I've met the Wilson's and they have a 26 ft Fleetwood Fiesta RV which they brought home with them after touring the states.

When we met them in Turkey their van was well loaded and could have been over 7.5t mark.

Don


----------



## aldra (Jul 2, 2009)

DTPCHEMICALS said:


> I know I have to pay tolls in France, a vignette in Switserland , so why say I am not going to visit a country that imposes them.
> Dave p


it's not because they have a system of Go boxes that puts me off visiting a country I agree it is the persons responsibiity, but it can be confusing

It's the to me excessive level of fine imposed on a tourist for what was a mistake and the heavy handed method of collecting it that puts me off ever visiting

Aldra


----------



## Darloboy (Oct 27, 2010)

We (two Autotrails - one a Mohawk the other a Comanche) have just returned from Poland. We were there in May this year for ten days and travelled to Poznan, Auschwitz, Krakow, Zakopane on motorways and other main roads. 

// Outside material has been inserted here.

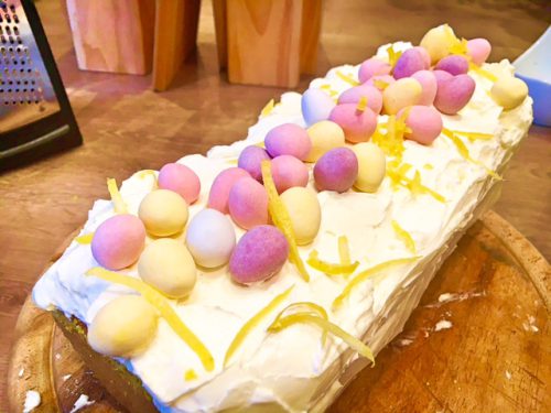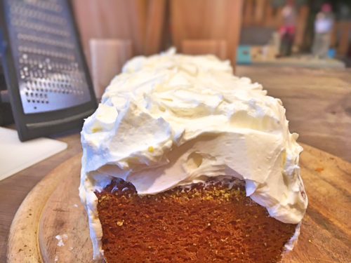 9. Die Creme nach Belieben auf dem Kuchen verteilen- wird sehr üppig. Nach Geschmack mit Zitronenzesten und anderer Deko verschönern.

At Poznan there was three other Autotrails (all of a similar size)who on leaving Poznan headed north and east in Poland so between us we covered a lot of the country.

We investigated before we set off and were ready to pay tolls or for a box - whichever was needed. 

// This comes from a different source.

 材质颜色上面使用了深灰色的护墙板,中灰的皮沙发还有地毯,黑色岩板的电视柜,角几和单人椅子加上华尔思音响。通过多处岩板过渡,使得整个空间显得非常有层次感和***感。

We paid the tolls (which were very reasonable) and not once were challenged about having a box and so paid the tolls accordingly. 

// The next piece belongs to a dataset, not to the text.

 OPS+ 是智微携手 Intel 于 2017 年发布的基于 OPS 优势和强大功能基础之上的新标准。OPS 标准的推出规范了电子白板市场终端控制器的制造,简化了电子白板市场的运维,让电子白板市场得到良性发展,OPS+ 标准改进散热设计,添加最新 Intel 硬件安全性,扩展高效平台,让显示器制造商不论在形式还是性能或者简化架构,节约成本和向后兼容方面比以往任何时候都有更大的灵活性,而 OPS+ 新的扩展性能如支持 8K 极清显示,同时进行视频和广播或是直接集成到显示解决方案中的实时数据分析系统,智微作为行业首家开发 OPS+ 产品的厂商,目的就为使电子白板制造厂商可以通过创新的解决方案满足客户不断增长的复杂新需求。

European countires do charge tolls or require larger vehicles to have boxes - and we all know that. There is lots if information available (particularly on this site and others which may not be the official source but gives a good idea of what is needed). 

I agree the costs incurred were excessive and some degree of leniency could have been shown but just because a country decides to charge tolls or require a box don't let it out you off going to Poland. 

Poland is a lovely country, very reasonable cost of living and the people we met were great - we would recommend it to anyone.


----------



## chasper (Apr 20, 2008)

Darloboy said:


> Poland is a lovely country, very reasonable cost of living and the people we met were great - we would recommend it to anyone.


Absolutely agree. We have been the last two years, i think that the only negative for me last year was the amount of speed camera's , every village seemed to have one.


----------



## Stanner (Aug 17, 2006)

nicholsong said:


> Stanner said:
> 
> 
> > This is the only information on the Polish Tourism site.
> ...


Well is that not totally unacceptable?

Prospective visitors tend to do their research at the official tourist board sites, rightly expecting to be able to get all their information there - and why shouldn't they?

If you check the link in my post there isn't even a link to the site you quote - Why Not? it could so easily provide the information needed.

I don't think anyone has moaned about the tolls or the level of them BUT they have complained about the severity with which they were enforced and the (apparent) lack of adequate signage.


----------



## Penquin (Oct 15, 2007)

Darloboy said:


> I agree the costs incurred were excessive and some degree of leniency could have been shown but just because a country decides to charge tolls or require a box don't let it out you off going to Poland.


But with such a draconian response from the authorities to what happened it is very unlikely that many people will want to visit the country since it would be difficult to be aware of what other rules / laws / changes have occurred and have not been announced....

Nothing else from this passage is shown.